**WHAT THE EXERCISE ASKS:** Using the material below, repeat exactly the lines from the one with "Visit Proof |" through the one with "Lake Reflection Painting", ends included, without any images.
****
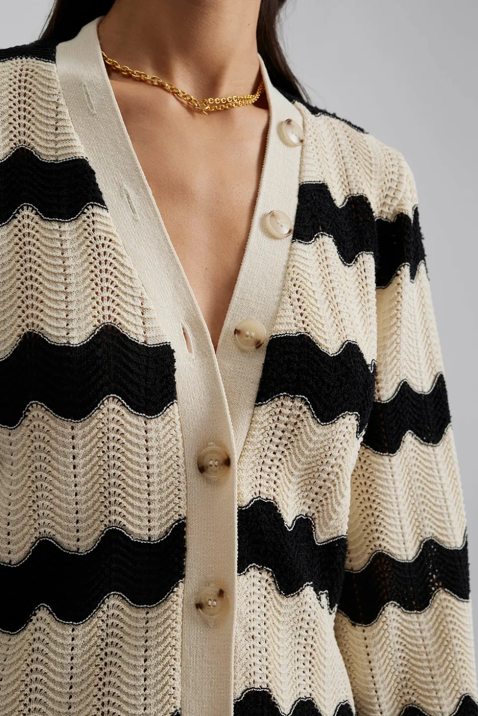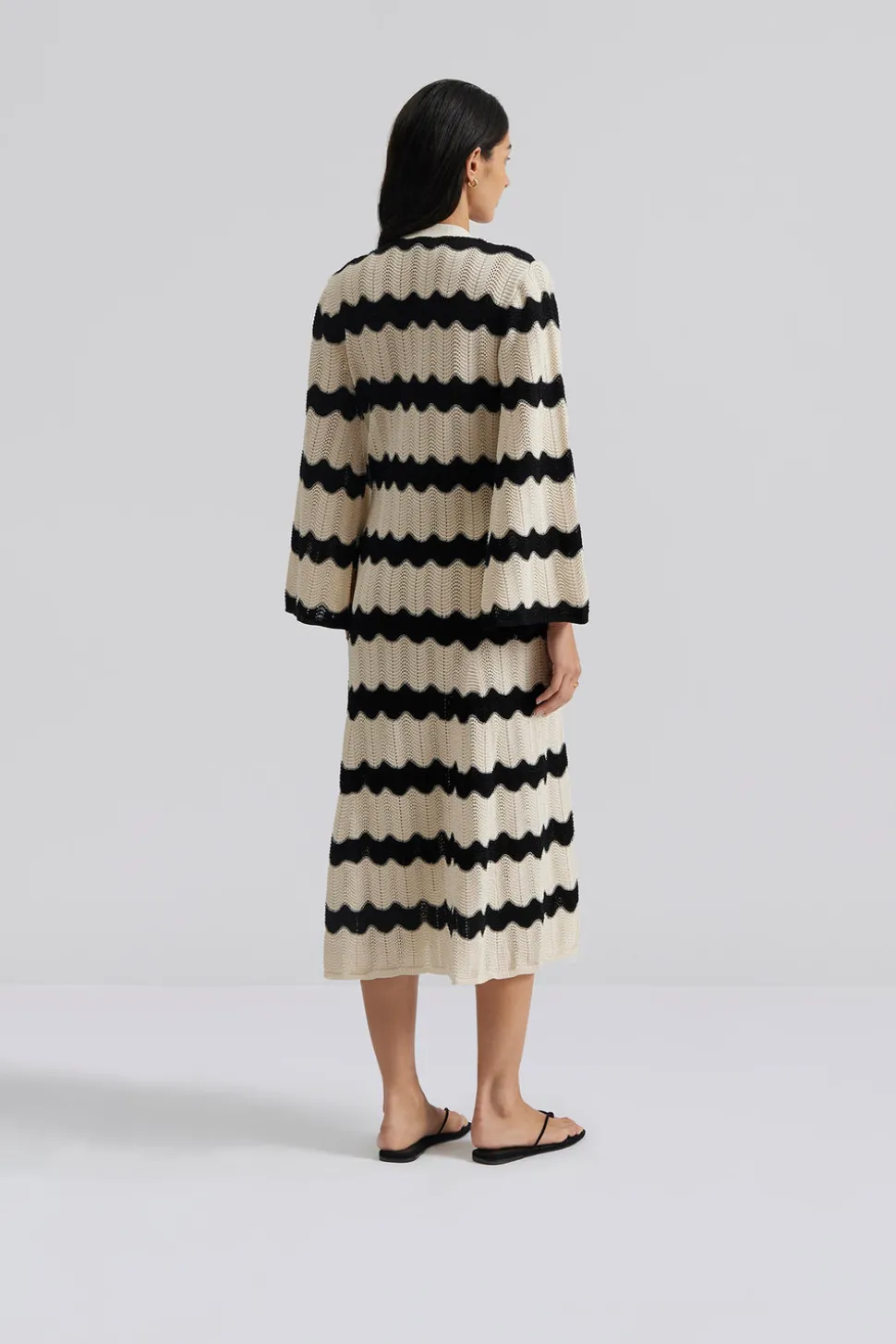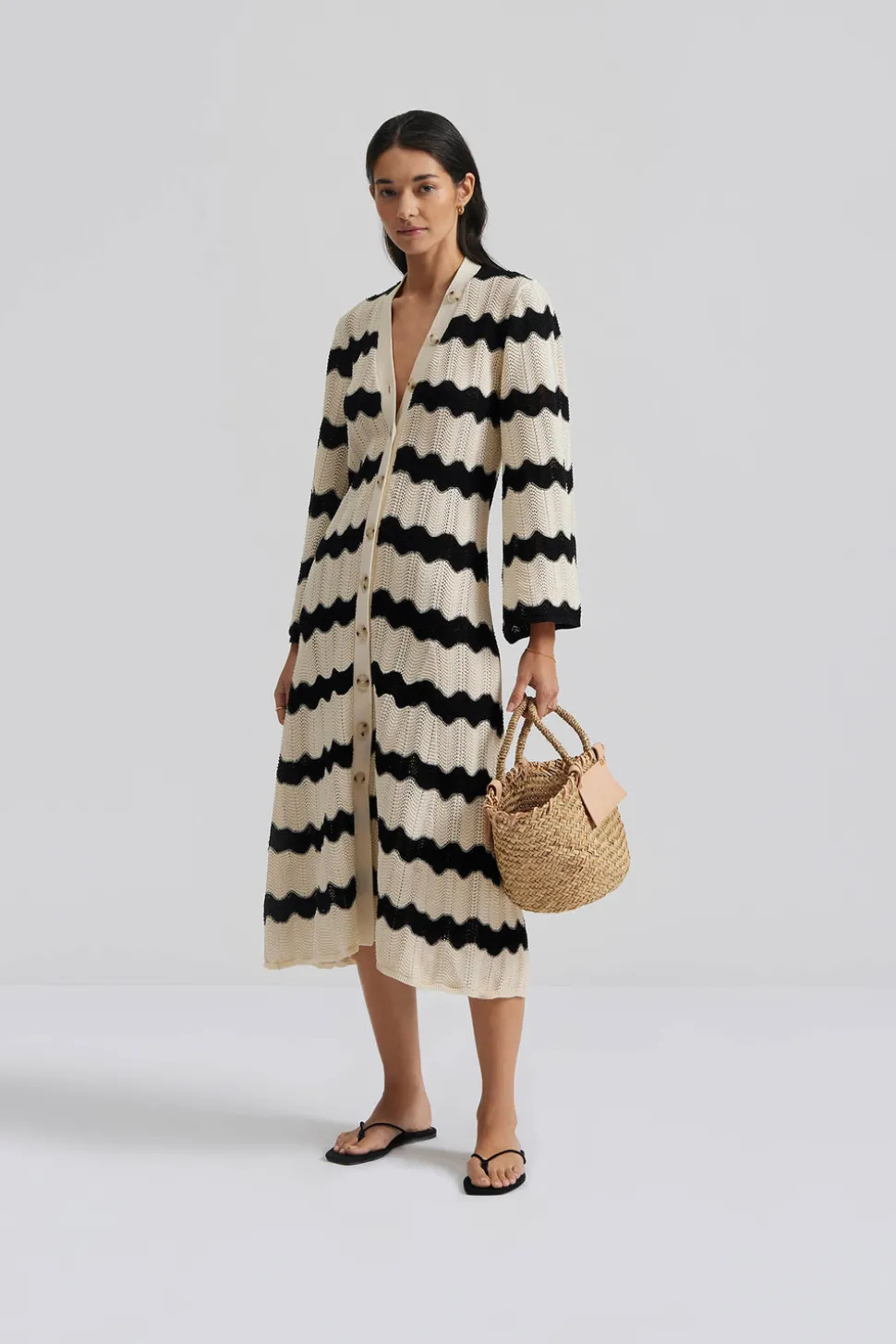 Stickad midiklänning med lång vid ärm och vågig kant.
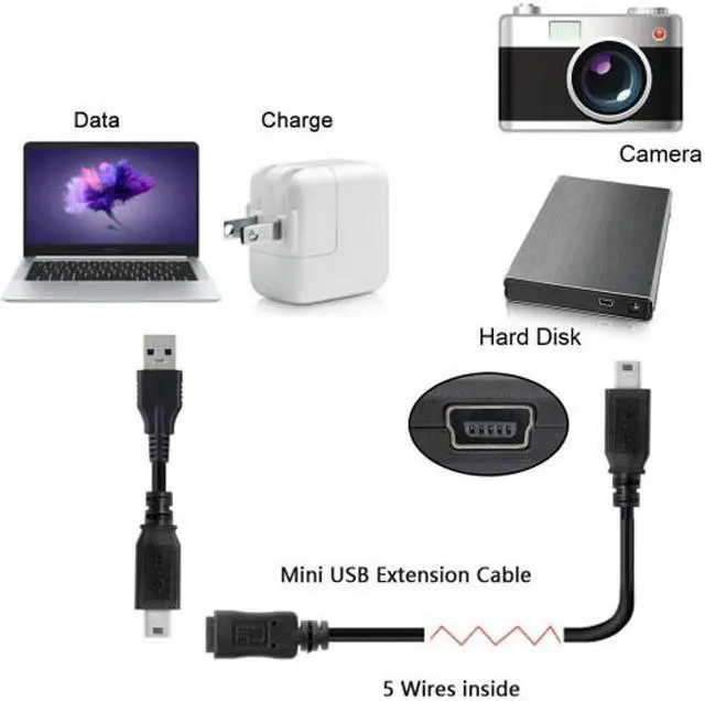 High quality Original Mini USB 5Pin Male to Female extension cable
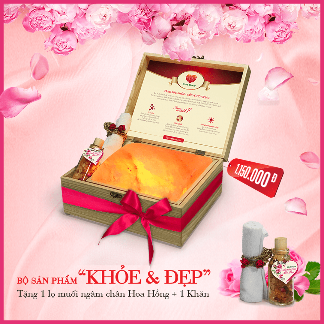 - Bộ sản phẩm “Khỏe & đẹp”: Khi mua 01 hộp đá muối massage chân Love Stone Deluxe, quý khách hàng sẽ được tặng 01 khăn + 01 chai muối ngâm chân hoa hồng (200g)
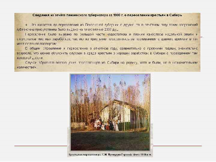 «Результаты аграрной политики П. А. Столыпина» . Создание новых форм землевладения и землепользования. Положительные результаты -К 1916 г. из общины выделилось 2527% крестьянских дворов, было создано 1, 6 млн. хуторов и отрубов. - Рост с/х производства (к 1915 г. сбор зерна вырос в 1, 7 раза), совершенствовани е агротехники. - Рост экспорта хлеба. Отрицательные результаты Община не была разрушена. Из неё вышло 25% крестьянских хозяйств. - Ускорился процесс расслоение крестьянства. - Возросли противоречия в деревне. - Переселение крестьян. Развитие крестьянской кооперации. Положительные результаты -За Урал переселилось более 3 млн. крестьян. - Освоено 30 млн. десятин целинных земель. Развивалась крестьянская кооперация. Отрицательные результаты -Проблема малоземелья не была решена. - 16% крестьян вернулись назад. - Конфликты переселенцев с местным населением.
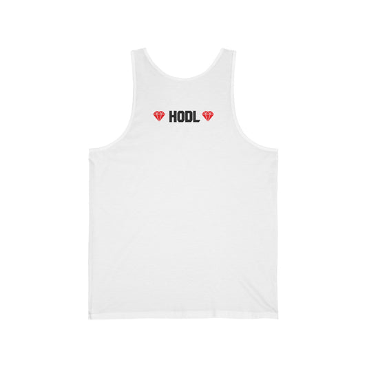 Self Made Bitcoiner White Jersey Tank w/ HODL with Diamonds on back (Crypto Currency, Bitcoin, Tank Top)
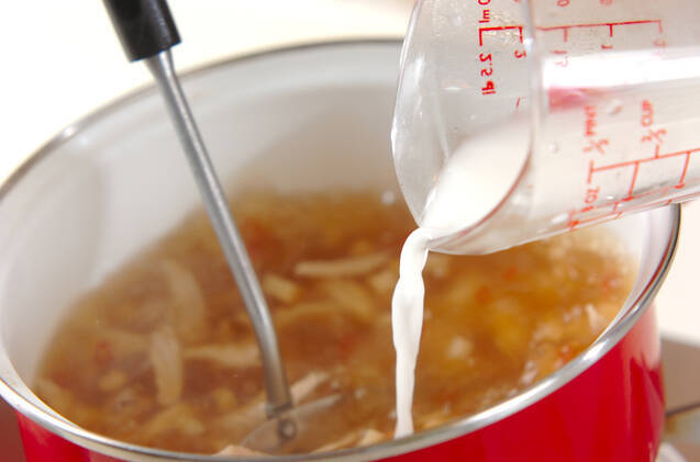 <スープ>の鍋に他のスープの材料を加えてひと煮立ちさせ、<だし溶き片栗>をまわし入れ、トロミがついたら火を止める。
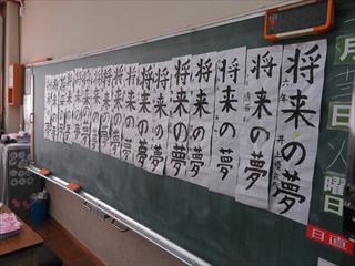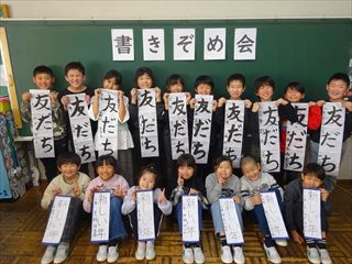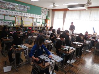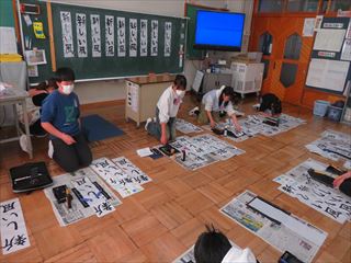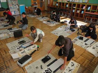 1月13日、2校時に校内書初め大会を実施しました。集中した雰囲気の中、子どもたちは心を落ち着かせ、丁寧に筆を走らせていました。一生懸命取り組む姿が、新年のよいスタートを感じさせてくれました。
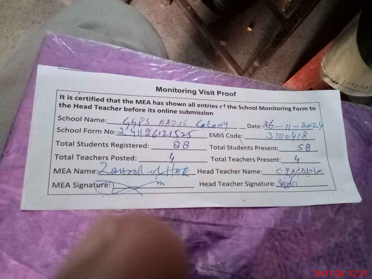 | Attendance Register | Head Teacher | MEA with School | Visit Proof |
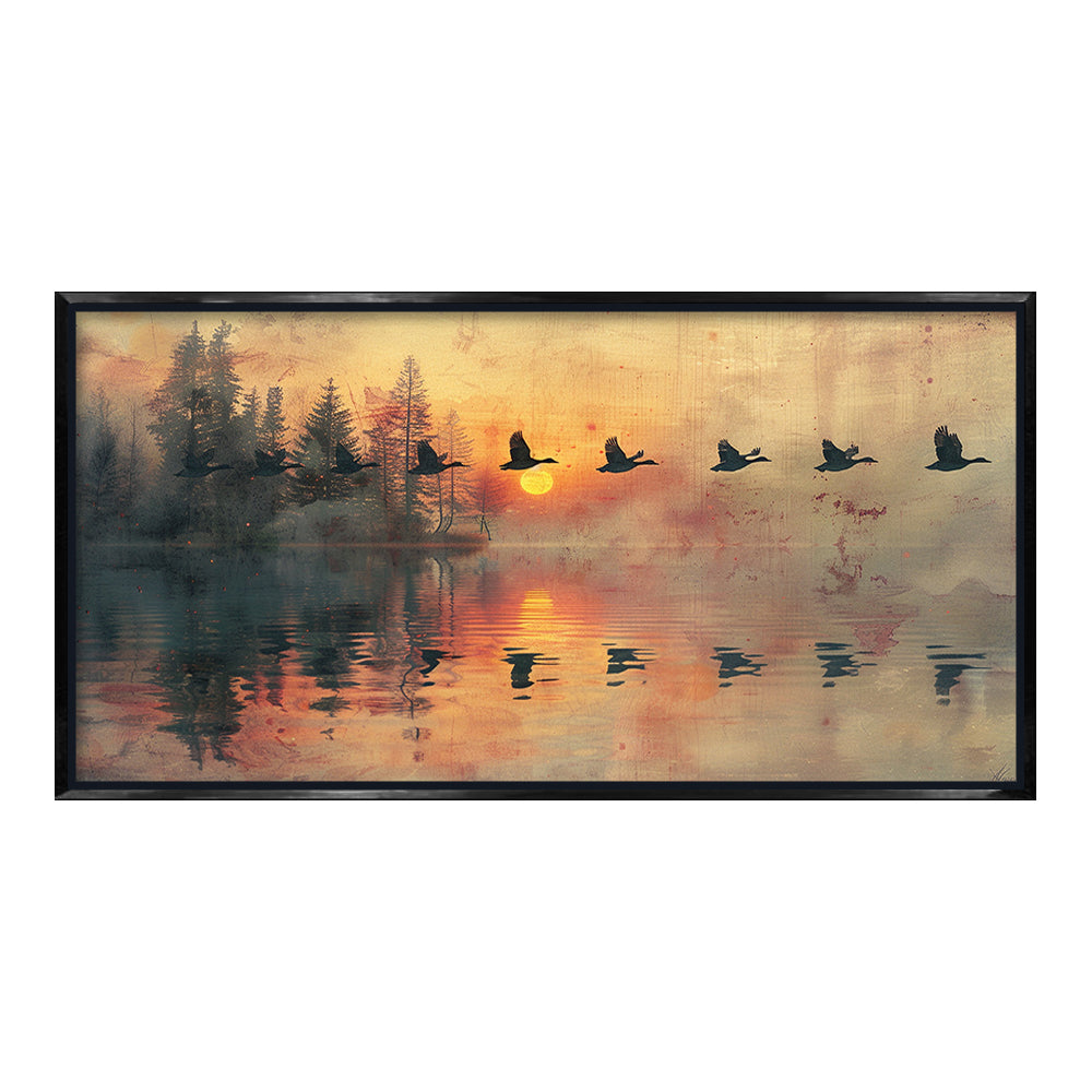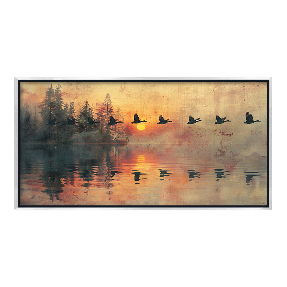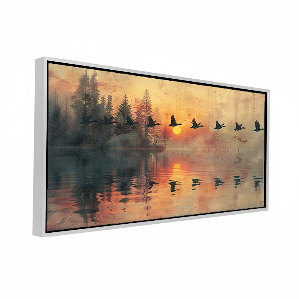 • Premium Geese Flying at Sunset Canvas Art | Tranquil Lake Reflection Painting
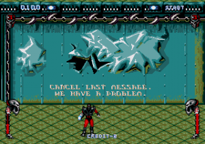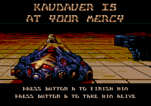 Speaking of end bosses, something needs to be said about the final confrontation from the Mega Drive version. At the end of the last level, DEAD headquarters (DEADquarters?), which is missing from the Amiga version, there is an ominous, empty corridor that leads directly to Kadaver, who is… just some guy in a black suit standing still, whose only attack is to conjure blue energy balls. He is, however protected, by force fields that must be removed by shooting at the generators on the walls of the room. When the fields are deactivated Kadaver starts teleporting around the room, with a pretty cool phasing effect, still just shooting those slow spheres. He’s a pushover, and he comically gets blasted through the wall, leaving a human-shaped hole a la Looney Tunes, but just when everything seems to be over, his second form bursts through the background for the last battle. This form wants to be grotesque and unsettling, but is only goofy-looking, and not that hard to defeat. After this, the game asks us a “moral” question, whether we want to murder the bad guy right then and there, or spare his life. Since we did nothing else but shooting at everything up to that point, the answer is obvious, and this part feels forced and edgy for the sake of it, but in line with the cynical attitude of the Dark Age of entertainment products.
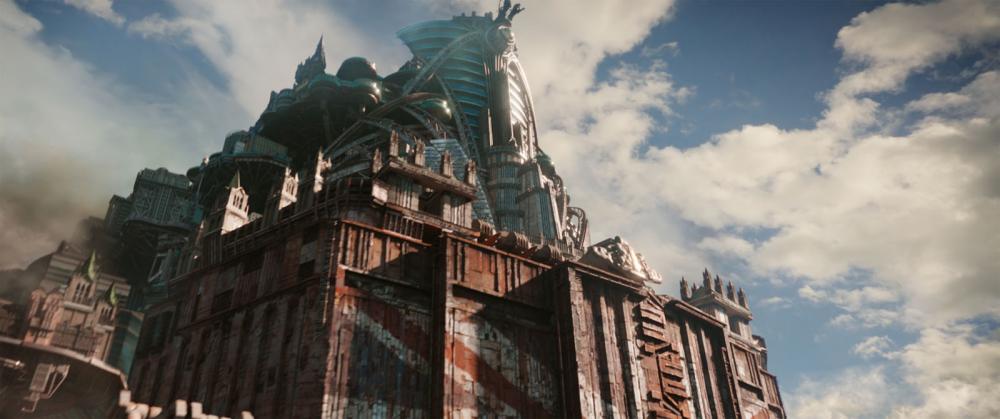 Christian Rivers est responsable des effets spéciaux de King Kong, Lovely Bones, et avant cela il a été storyboarder pour Peter Jackson depuis 25 ans. Il maitrise pleinement son univers en donnant corps et mystère aux villes mouvantes, véritables temple Steampunk. On apprécie les décors urbains envoutants et les paysages de Nouvelle-Zélande, magiques. On se plonge avec délices dans ce monde apocalyptique et ces personnages de science-fiction comme Shrike. C’est une créature de l’Ancien Monde. Il est un mélange de cyborg, d’humain, devenu Terminator, exterminateur, zombie de chair et de métal. Il poursuit Hester pour faire suite à une promesse tenue il y a bien longtemps. A mon sens, c’est une des figures les plus intéressantes du récit. Elle assemble la fin d’un monde rongé par sa propension à s’anéantir et la notion de survie. Il est le lien entre la guerre éclair - appelée La Guerre de 60 minutes - et le Nouveau Monde en gestation.
****
**WRITTEN RESPONSE:**
 | Attendance Register | Head Teacher | MEA with School | Visit Proof |
 • Premium Geese Flying at Sunset Canvas Art | Tranquil Lake Reflection Painting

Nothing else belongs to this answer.